Under traditional power communication methods, the security protection technical measures of power industrial control systems can effectively block the intrusion and propagation of conventional viruses from the internet. However, against the dual backdrop of intelligent and interactive development in power systems and the evolution of cyber attack techniques, power industrial control security faces new challenges

The power industrial control vulnerability mining system provided by KeLiang leverages the power system real-time simulation platform RT-LAB, integrated with a power industrial control equipment vulnerability mining module. It enables vulnerability mining for industrial control systems such as SCADA, DCS, and PLC controllers. The system simulates security detection and protection schemes for multiple types of industrial control equipment in power systems. It lays a foundation and provides technical support for security testing in future highly integrated cyber-physical power system attack-defense scenarios, Energy Internet+, and Industry 4.0. Additionally, it offers an effective development, testing, and simulation platform for future research on power system industrial control security

The Power Industrial Control Vulnerability Mining System consists of three components: a power simulation system, an industrial control vulnerability mining system, and the tested secondary power equipment. The secondary power equipment connects to the power simulation system via I/O interfaces and links to the industrial control vulnerability mining system through high-speed interfaces.

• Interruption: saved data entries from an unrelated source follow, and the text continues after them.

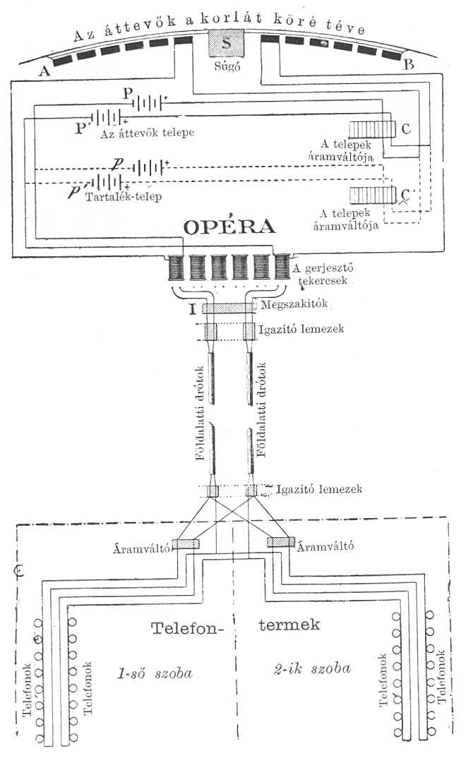 A telefonia, első föllépése idejében lelkesedésnek, sőt mondhatjuk, rajongásnak volt a tárgya, a mi mindannyiszor, midőn egy fontos s némileg váratlan felfedezés felkerűl, természetszerűleg nyilvánúl. Hirtelenében ezerféle, érdekesnél-érdekesebb alkalmazásnak homályos körvonalai tüntek fel. Néhányat azok közül, melyek jelenleg, legalább is a nagy városokban, mintegy bevett szokássá váltak, már felemlítettünk. Még csak néhány szót kell szólanunk azokról a kisérletekről, melyek egy másik irányban tétettek, hogy az első pillanatban föléledt remények egyikét megvadósítsák. Az ember avval kecsegtette magát, hogy e csodálatraméltó készülékek segítségével nemsokára mindenki a lakásán fog élvezhetni hangversenyeket, színházi előadásokat, hogy részt fog vehetni gyülekezetekben,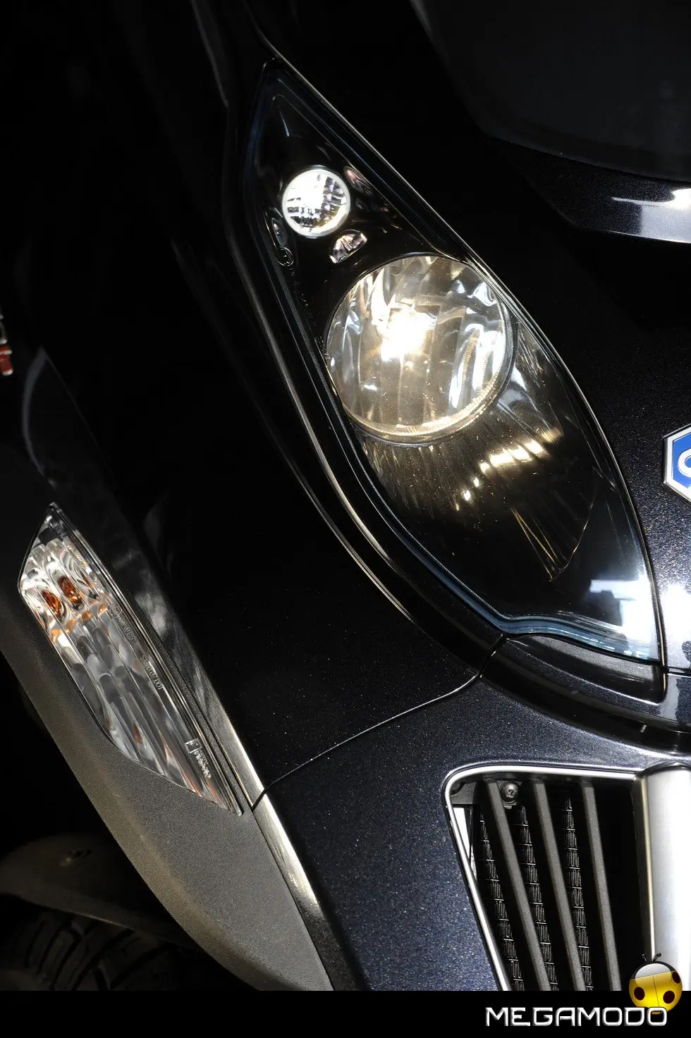 Il nuovo e più elegante aspetto della famiglia MP3 è sottolineato dalla calandra di disegno automobilistico, da nuove finiture, da fari e parabrezza in tonalità azzurra, dai nuovi inserti che alternano parti verniciate e parti cromate e dal nuovo maniglione posteriore.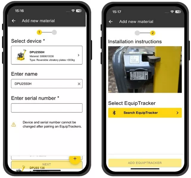 - Moduł EquipTrack i maszyna są dodawane do aplikacji EquipTrack przed pierwszym użyciem. Użytkownikowi zostaną następnie wyświetlone instrukcje instalacji dla danej maszyny,
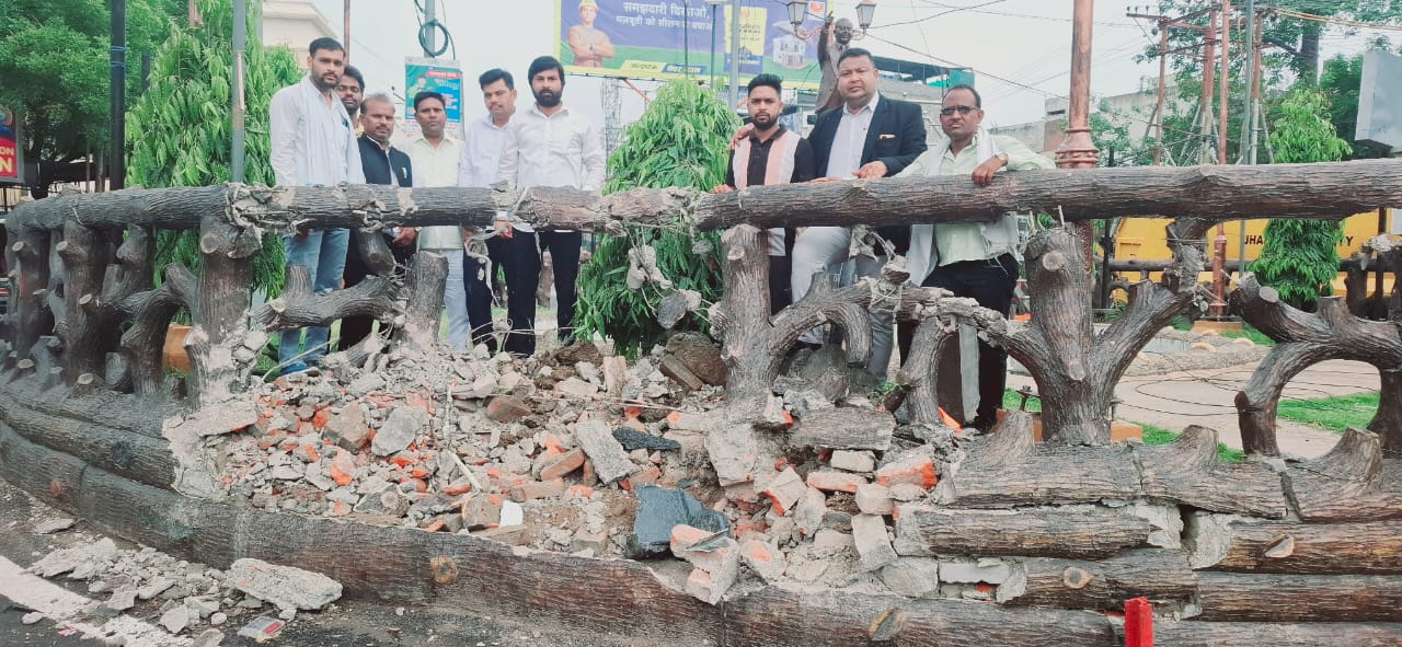 झांसी। देर रात अज्ञात वाहन ने टक्कर मारते हुए अम्बेडकर चौराहे प्रतिमा के चौराहे को तोड़ दिया। जिससे अम्बेडकर साहब को मानने वाले लोगों ने भारी आक्रोश व्याप्त है। शुक्रवार को बहुजन समाज पार्टी के तत्वावधान में बसपाइयों ने नगर आयुक्त को ज्ञापन सौंपते हुए बताया कि अज्ञात वाहन चालक द्वारा कचहरी चौराहे पर लगी बाबा साहब डॉक्टर भीमराव अंबेडकर की प्रतिमा के चौराहे को तोड़ दिया है। इस घटना से हम सभी बाबा साहब के अनुयायियों में आक्रोश है। उन्होंने ज्ञापन के माध्यम से मांग करते हुए कहा कि चौराहे को क्षतिग्रस्त करने वाले वाहन चालक के खिलाफ मुकदमा दर्ज कराकर चौराहे का निर्माण कार्य कराया जाए। साथ ही बाबा साहब की प्रतिमा का जीर्णोद्वार कराया जाए। इस दौरान रवि कांत मौर्य, संतोष आदि उपस्थित रहे।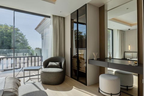 Boasting 7 spacious bedrooms and 8 beautifully designed bathrooms, the villa provides an ideal layout for large families, guests, or those seeking an opulent residence with ample privacy. Every space is bathed in natural light and furnished to the highest standards, ensuring a warm, inviting, and stylish atmosphere throughout.
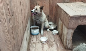 Сука Граня,белый, с черной линией на спине, кончик хвоста чёрный, 2-3 года, отлов 20.04.2022, возврат на прежнее место обитания 08.05.2022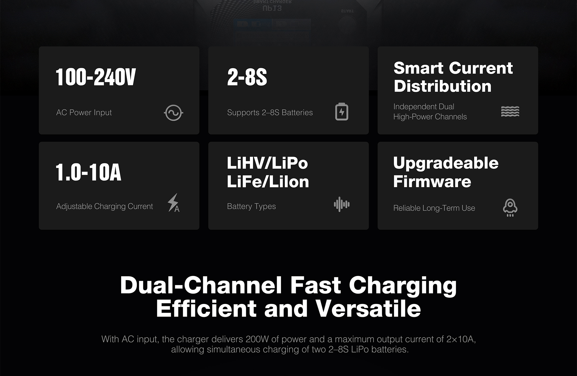 Theย Ultra Power UP13ย is a versatile, dual-channel AC smart charger designed for quadcopter pilots, drone racers, RC hobbyists, and enthusiasts. Its full-color 2.4โณ IPS screen shows real-time data, and the charger intelligently distributes a combined 200โฏW load between two batteries for efficient parallel charging.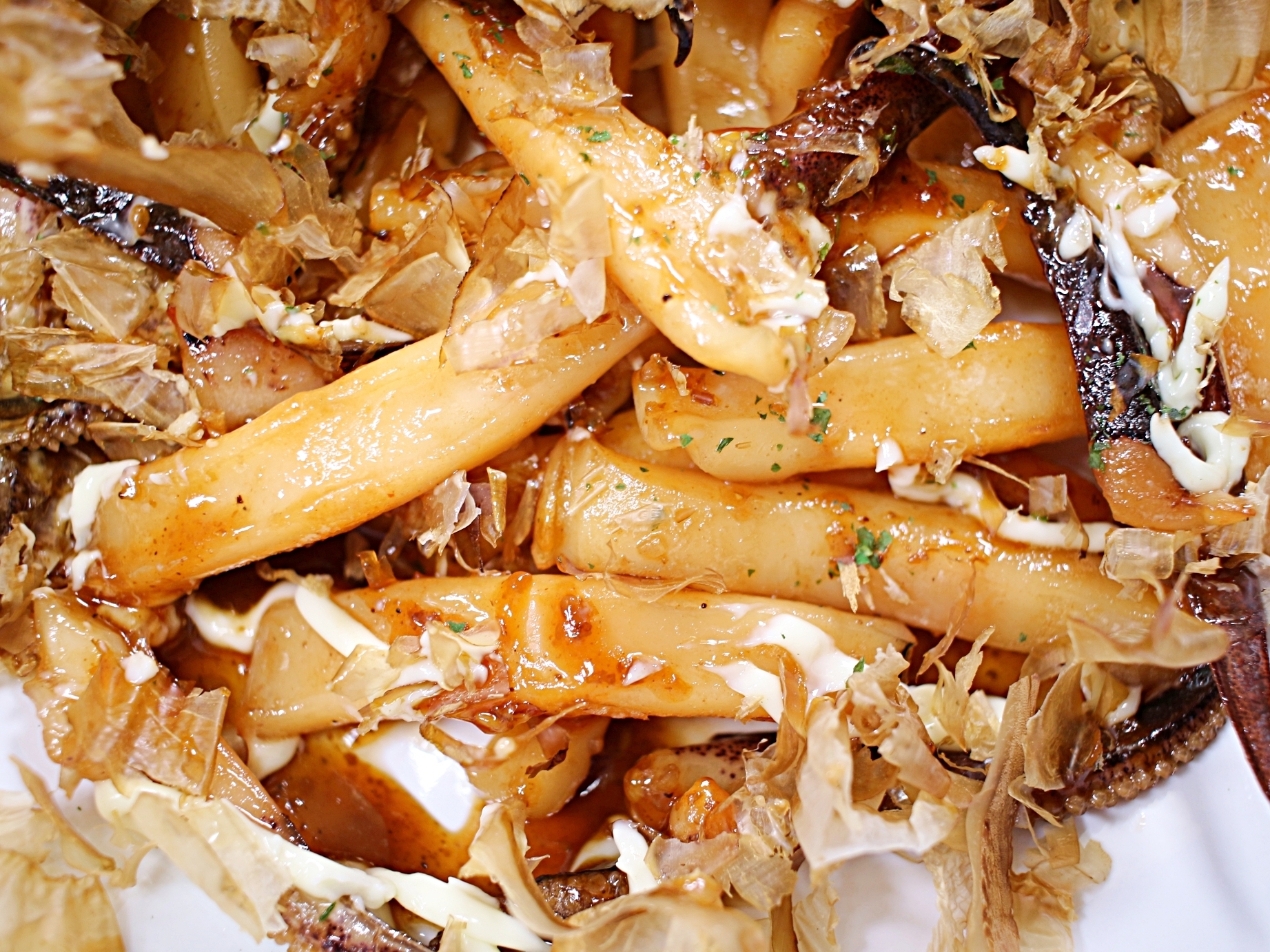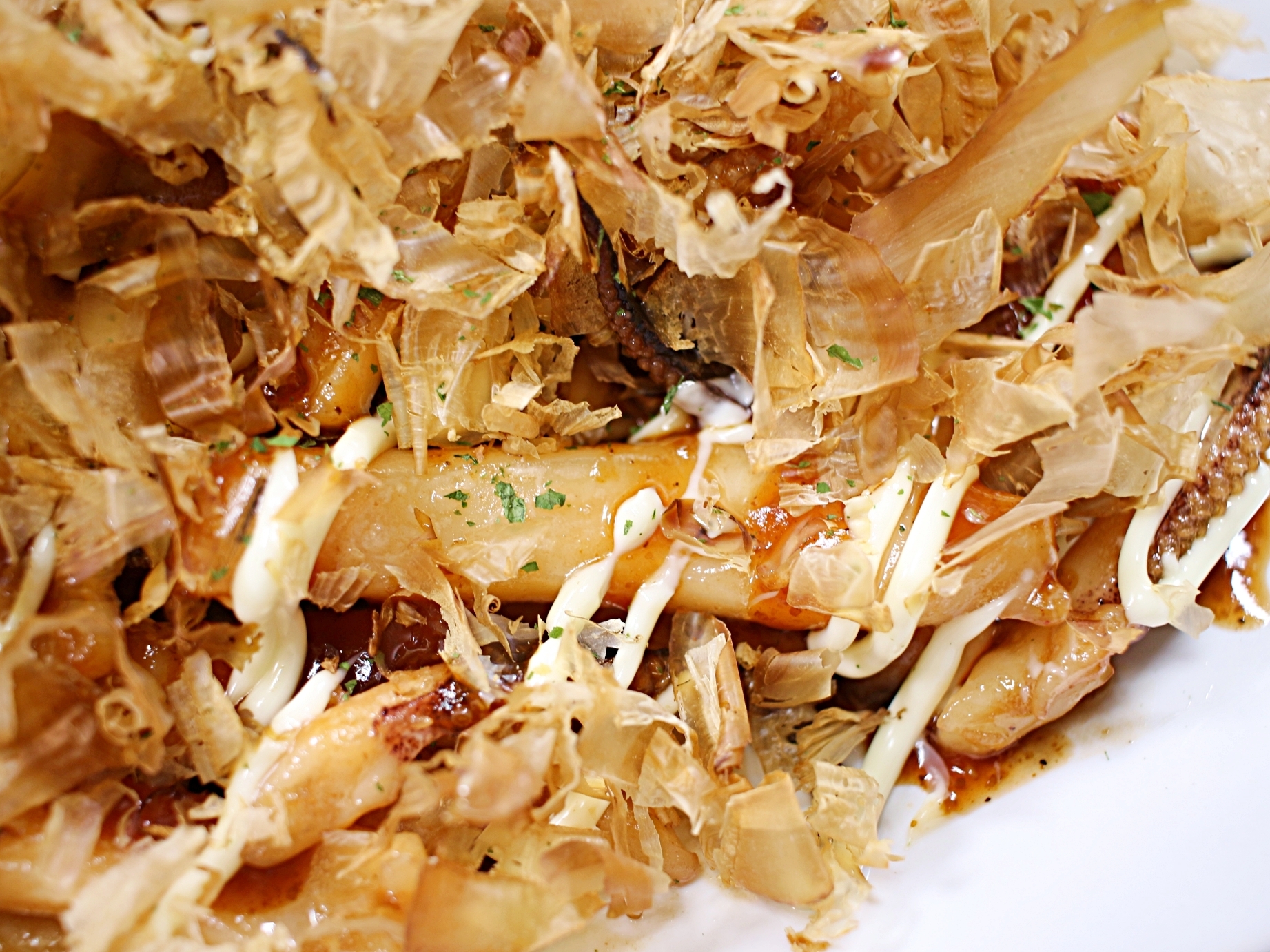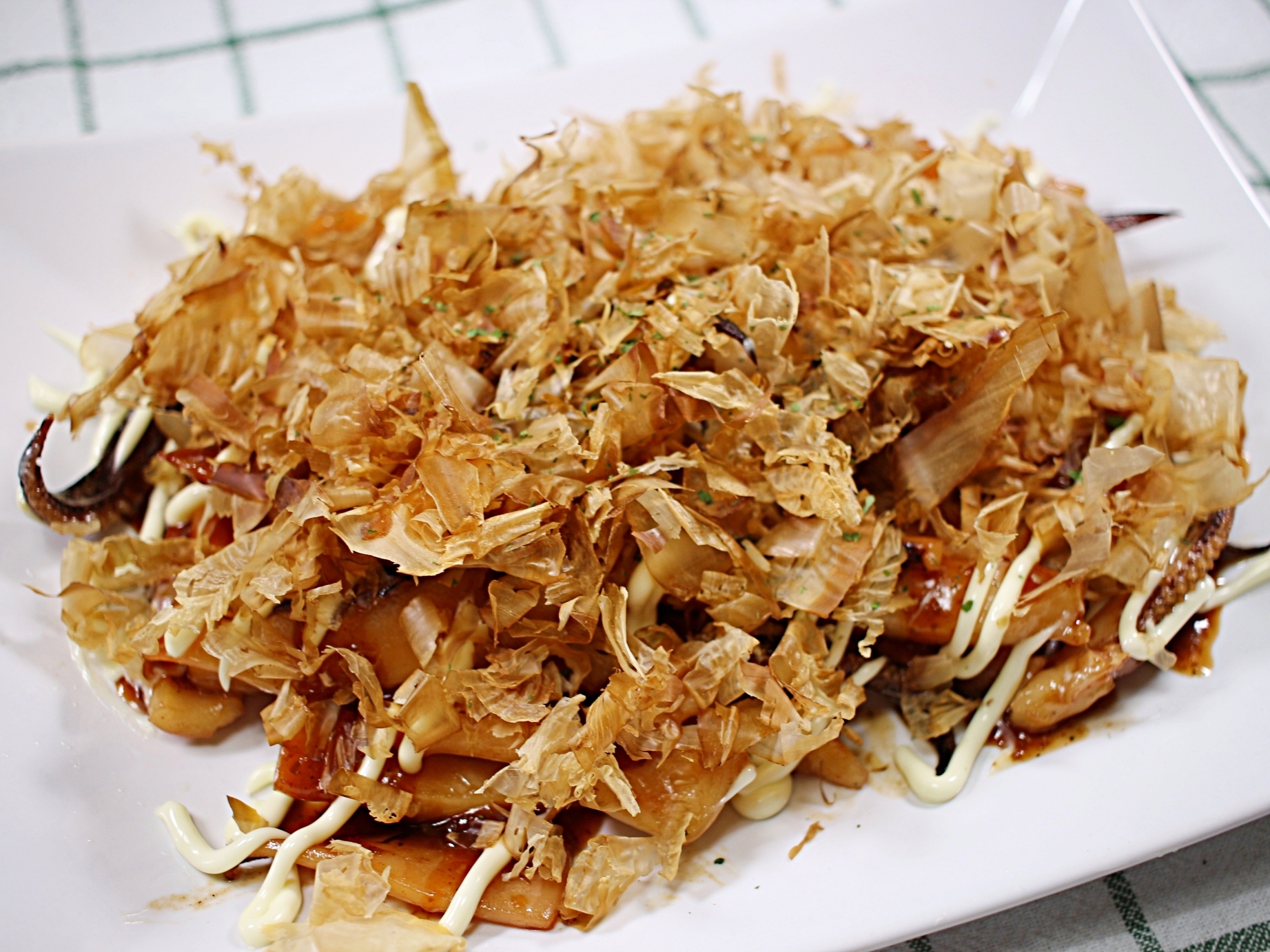 가쓰오부시 위에 마요네즈, 돈까스소스 뿌리고

Power simulation system: Based on the RT-LAB simulation power system model, it includes the power system grid structure, photovoltaic model, energy storage model, wind turbine model, generator set model, transmission system model, etc;

Industrial Control System Vulnerability Mining System: Targeted at industrial control devices (PLCs, industrial PCs, PMUs, protection relays, etc.) for vulnerability mining. The vulnerability types encompass communication protocol vulnerabilities, embedded system vulnerabilities, control command vulnerabilities, along with format string vulnerabilities, buffer overflows, integer overflows, integer sign extension vulnerabilities, double-free memory errors, boundary condition errors, etc.

■ Power industrial control equipment environment simulation and emulation

■ Vulnerability detection and security defense for power relay protection industrial control devices

■ Vulnerability mining and active defense for critical power equipment control systems (e.g., wind turbine control systems, etc.)

■ Vulnerability detection, alerting, and security defense for power monitoring industrial control devices (e.g., PMUs, RTUs, etc.)

■ Fuzz vulnerability mining and security defense for power monitoring systems (e.g., SCADA, EMS, DMS, PDC, etc.)

■ ntelligent management of vulnerability mining tasks, automated management of industrial control protocol test cases, and online real-time analysis of industrial control protocol data.

■ Research on vulnerability mining algorithms and active defense algorithms for power system industrial control.

The power industrial control equipment vulnerability mining system provided by KeLiang has successfully established a large-scale wind turbine industrial control information security test platform. Within this platform, RT-LAB simulates the large-scale wind turbine model, while the actual wind power control cabinet is connected to RT-LAB via high-speed I/O interfaces to achieve HIL (Hardware-in-the-Loop) simulation. Simultaneously, it establishes a real-time communication connection with the industrial control vulnerability mining system.

Under this industrial control information security test platform, the vulnerability mining system can uncover various potential security vulnerabilities. It can also simulate scenarios where hackers exploit these vulnerabilities to cause communication failures. Under normal conditions, the wind power control cabinet operates correctly; however, after being attacked, the wind turbine controller displays communication failures, and the wind turbine monitoring system outputs power failure alerts.

This large-scale wind turbine industrial control information security test platform can simulate and analyze security issues of wind power control cabinets. It facilitates vulnerability mining for existing wind power control cabinets, predicts their security status, and provides proactive security defense solutions.